Assignment
Give back exactly the stretch of data below from the line holding "Q: What is the" through the line holding "在低通脹環境下,30年期孳息", both ends included, and leave the remaining lines out.

Records shown

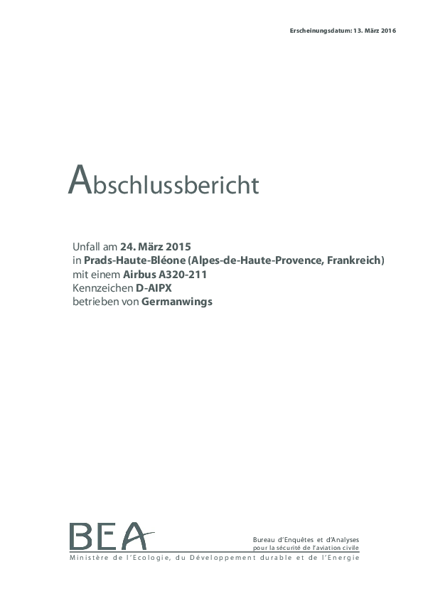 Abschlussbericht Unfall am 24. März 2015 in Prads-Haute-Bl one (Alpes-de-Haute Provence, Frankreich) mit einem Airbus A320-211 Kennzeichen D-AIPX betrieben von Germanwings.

--

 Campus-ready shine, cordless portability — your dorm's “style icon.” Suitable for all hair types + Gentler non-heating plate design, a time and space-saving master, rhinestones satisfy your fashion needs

* * *

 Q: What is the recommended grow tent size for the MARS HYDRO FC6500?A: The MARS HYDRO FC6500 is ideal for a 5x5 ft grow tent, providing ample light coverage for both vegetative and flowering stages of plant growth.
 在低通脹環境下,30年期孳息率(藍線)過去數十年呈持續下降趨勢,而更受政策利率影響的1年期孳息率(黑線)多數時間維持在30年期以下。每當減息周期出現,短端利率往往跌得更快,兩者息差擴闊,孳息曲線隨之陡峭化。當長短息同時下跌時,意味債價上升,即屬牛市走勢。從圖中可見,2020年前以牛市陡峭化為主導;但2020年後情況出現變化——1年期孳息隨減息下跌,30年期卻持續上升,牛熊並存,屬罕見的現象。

Answer to the problem
 Q: What is the recommended grow tent size for the MARS HYDRO FC6500?A: The MARS HYDRO FC6500 is ideal for a 5x5 ft grow tent, providing ample light coverage for both vegetative and flowering stages of plant growth.
 在低通脹環境下,30年期孳息率(藍線)過去數十年呈持續下降趨勢,而更受政策利率影響的1年期孳息率(黑線)多數時間維持在30年期以下。每當減息周期出現,短端利率往往跌得更快,兩者息差擴闊,孳息曲線隨之陡峭化。當長短息同時下跌時,意味債價上升,即屬牛市走勢。從圖中可見,2020年前以牛市陡峭化為主導;但2020年後情況出現變化——1年期孳息隨減息下跌,30年期卻持續上升,牛熊並存,屬罕見的現象。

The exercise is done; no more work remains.